Abbiamo visto in un altro articolo in quali casi va chiesto il DURC e cosa sia l'”intervento sostitutivo” da mettere in atto in caso di DURC irregolare. Oggi vedremo come comportarci quando abbiamo a che fare con i periti industriali: vedremo infatti come verificare la regolarità contributiva su EPPI.

Come sappiamo, il DURC serve ad attestare che un certo soggetto ha regolarmente versato i contributi dovuti a INPS, INAIL e Cassa Edile (o al massimo ha omesso somme lievi). Il DURC si può chiedere anche per chi non ha lavoratori dipendenti ed è iscritto solo alla ‘gestione separata’ INPS e non a INAIL. Vi sono però categorie non soggette all’iscrizione INPS ma ad altre casse previdenziali.

L’obbligo di verificare la regolarità contributiva sussiste anche per questi soggetti, in base all’art. 80 del Codice dei Contratti Pubblici, che dispone che qualsiasi operatore economico sia escluso dagli appalti se ha commesso violazioni gravi, definitivamente accertate, rispetto agli obblighi relativi al pagamento dei contributi previdenziali.

Nei casi anzidetti però non si può chiedere il DURC, perchè si otterrebbe come risposta che il soggetto è ‘sconosciuto’ al sistema. Bisogna quindi rivolgersi direttamente alle casse previdenziali di ciascun professionista. Oggi vedremo come si accerta la regolarità dei periti industriali.

I periti industriali e periti industriali laureati sono iscritti all’ente di previdenza “EPPI” , che ha messo a disposizione delle stazioni appaltanti un modulo di richiesta online molto semplice e rapido.

Il codice di attivazione

Per prima cosa bisogna andare sul sito EPPI. Se è la prima volta che usate il servizio, dovete ottenere il “Codice di attivazione”, che è un codice che contraddistingue la vostra PA e che va inserito in ogni richiesta.

Per chiedere il codice bisogna cliccare su “richiedi codice” nella sezione dedicata al DURC online per le PA:

Nella pagina che si apre bisogna inserire l’indirizzo PEC del nostro ufficio:

EPPI si collegherà all’Indice delle PA e verificherà che si tratti di una PEC valida, quindi invierà automaticamente il codice di attivazione alla PEC che avete indicato.

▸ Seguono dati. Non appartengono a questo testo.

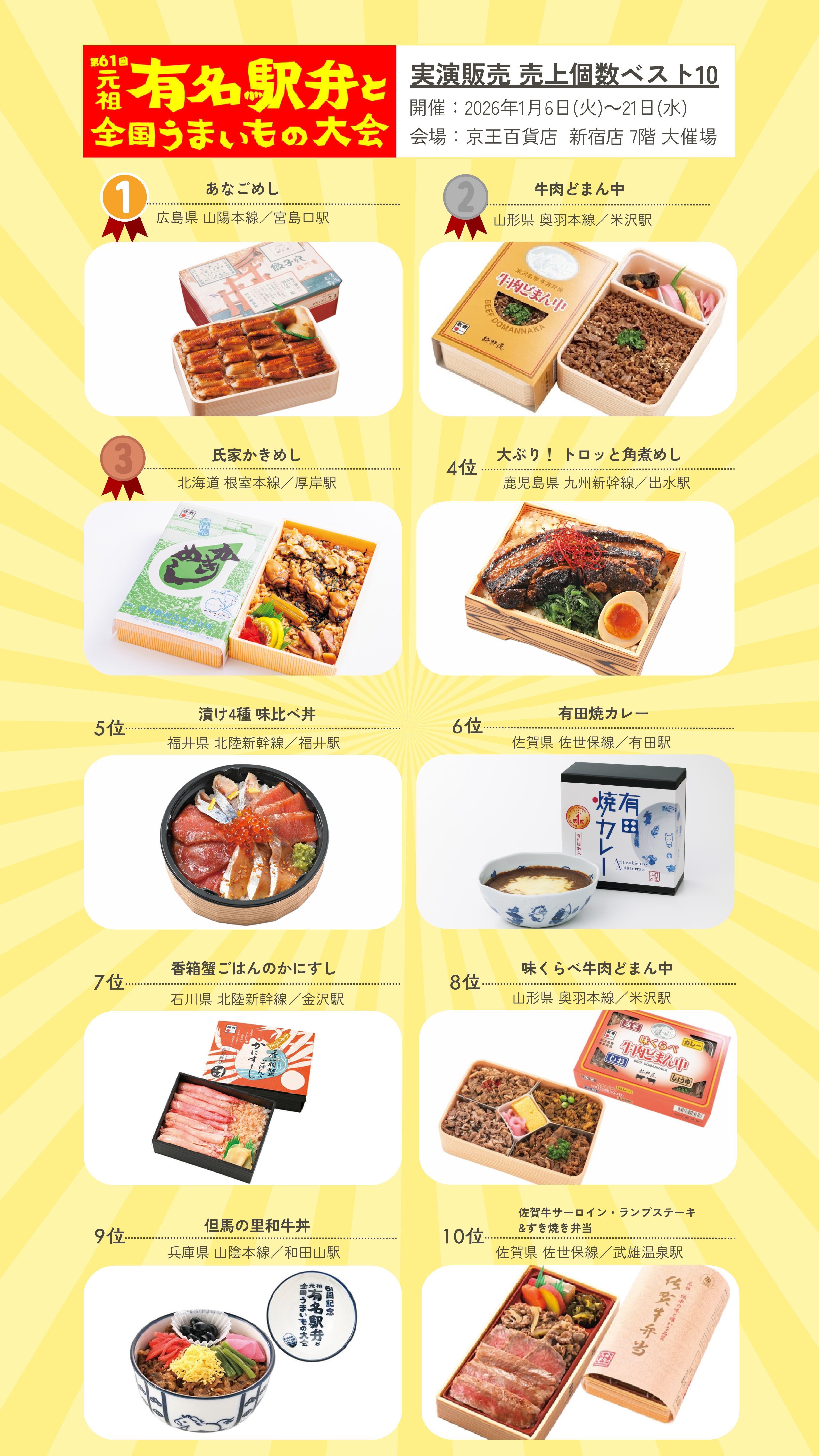 京王百貨店の名物催事となっている「元祖有名駅弁と全国うまいもの大会」(以下、駅弁大会)。2026年1月に実施した第61回大会では、駅弁大会おなじみの人気企画をはじめ、新企画も多数展開し、16日間の開催で 売上予算比+約8%と盛況のうちに幕を閉じました。多くの駅弁大会ファンを魅了した今大会を振り返ります。

Se la PEC non è censita su IPA, l’ente previdenziale prima di inviare il codice effettuerà delle verifiche manuali.

Il codice resta sempre valido, non c’è bisogno di richiederlo ogni volta.

La richiesta di regolarità contributiva

Una volta ricevuto il codice, procuratevi: CIG e titolo della gara/appalto e codice fiscale (facoltativi nome e cognome) del professionista per cui vi serve la regolarità. Tornate sul sito e cliccate “Invia richiesta”

Comparirà un semplice modulo da compilare. I dati obbligatori sono solo il codice di attivazione, il codice fiscale del professionista, il CIG e il titolo della gara.

Nulla vi impedisce di compilare anche gli altri campi. In particolare il referente serve nel caso EPPI voglia contattare qualcuno del vostro ufficio quindi vi suggerisco di inserirlo.

L’esito della verifica sarà inviato alla PEC dell’ente. Se è di regolarità, potete procedere serenamente al pagamento. Se invece l’esito è di non regolarità, è un bel problema, perchè l’effetto è lo stesso che ho illustrato nell’articolo sugli effetti di una irregolarità INARCASSA. Vi rimando quindi alla lettura di quell’articolo, con l’avvertenza (ovvia) che in questo caso dovrete scrivere a EPPI e non a INARCASSA.